In an interview, Hui pointed out that the most important factors continue to be safety, amenities, schools and distance to workplaces. Political affiliation serves as a "tiebreaker" of sorts to the more primary reasons for neighborhood choice.
"Depending on the partisan composition, the desirability of a place can increase by 20 percent when respondents are informed the location has a sizeable presence of co-partisans," Hui wrote.
She noted that about the same magnitude of decline (20 percent) in desirability occurs when respondents are told the opposite. And, respondents who report themselves as independents or unaffiliated with either the Democratic or Republican parties do not care as much about neighborhood partisanship, she added.
According to Hui, people make an average of about 12 residence moves across their lifespans. This matters, because when people begin to sort themselves into partisan places – even if partisanship is not a dominant reason – these relocations can exacerbate the lopsidedness of local electoral margins for one party and thereby increase legislative polarization.
Hui's co-author was James Gimpel, a professor of government from the University of Maryland.
'Perceptions of fit'
Hui and Gimpel conducted a national survey experiment of 1,506 adults. Participants were shown four photographs of distinct properties and given information about the neighborhood's socioeconomic and partisan makeup. The idea was to explore how political information affected the way people evaluated the properties.
They found that while political considerations do not trump other concerns in the search for a place to reside, they do matter when all factors are considered. "Respondents who self-identify as either Democrats or Republicans are more likely to prefer properties situated in neighborhoods with a higher co-partisan concentration," they wrote.
The study showed that the final neighborhood choice comes down to "perceptions of fit," based on the appearance of neighborhood and housing and additional information inferred about the characteristics of residents, including political affiliations.
For instance, Hui said, a strong environmentalist may seek higher density housing with access to mass transit, closer to downtown workplaces, and neighbors who share similar transportation and housing preferences.
Hui offered one explanation for this dynamic: "Certainly the impulse to seek out socially supportive living environments is thought to be a function of the desire to avoid the unpleasantness of conflict and disagreement."
She noted that in addition to the physical appearance of a property, people rely on racial composition information as a cue to infer the neighborhood political mix.
"Some respondents could also venture reasonable estimates of political composition just from knowing where the property was located relative to a city's downtown. This experiment clearly suggests that citizens are able to form perceptions and draw inferences about the partisanship of places based on observable socioeconomic markers," wrote Hui.
She said the research shows that Democrats cluster in urban areas and Republicans in rural areas based on attitudes and viewpoints as well as "pre-existing political balance that attracts an influx of co-partisans, while driving away others."
Still, if a Democrat prefers living in a particular rural setting and he discovers he would be a political minority in that community, it would not necessarily cause him to relocate, according to the research. "Yet he would not necessarily pick a more urban location just to live among co-partisans," she wrote.
Effect on legislatures
The findings present real-world implications beyond the neighborhoods themselves, Hui said.
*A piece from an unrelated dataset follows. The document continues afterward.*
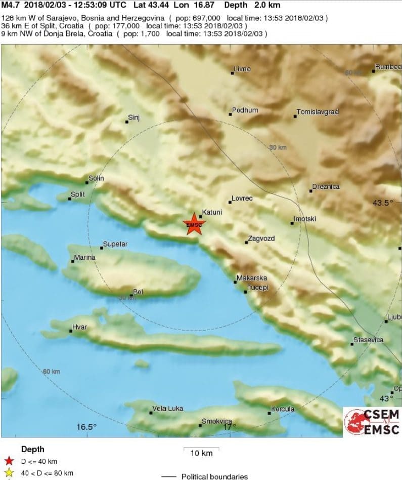 Prve informacije kažu kako je epicentar potresa bio između Zadvarja i Šestanovca magnitude 4.7 po Richteru i na dubini od 2 kilometra.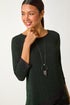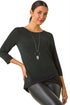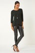 Necklace Trim Shimmer Top from Roman. Get ready to dazzle in our brillo tunic stretch top this Autumn Winter season. The flattering round neckline and cosy 3/4 length sleeves keep you warm and stylish, finishing in a tunic shape that's perfect for any party. Crafted from a stretchy jersey fabric, this top features a striking contrast banded hem for added flair. Pair with faux leather pants and ankle boots for a trendy fall look!

As she pointed out, "residential segregation by partisanship" has been increasing since the 1990s and has contributed to legislative polarization – a sort of "Red" vs. "Blue" effect at local, state and federal levels. (Red refers to Republican and Blue to Democrat.)
"Even if a small fraction of partisans make choices on a political basis, the cumulative effect in the long run can greatly augment population differences across space," she said.
But the effect should not be overstated. People are not moving simply for political reasons primarily, she said. At any given time only a modest measure of residential sorting by party occurs. And even the allure of like-minded partisans does not compensate for limited job prospects or bad schools.
"After all, a suburb with a good school district and safe streets is a magnet for citizens of both parties," she said.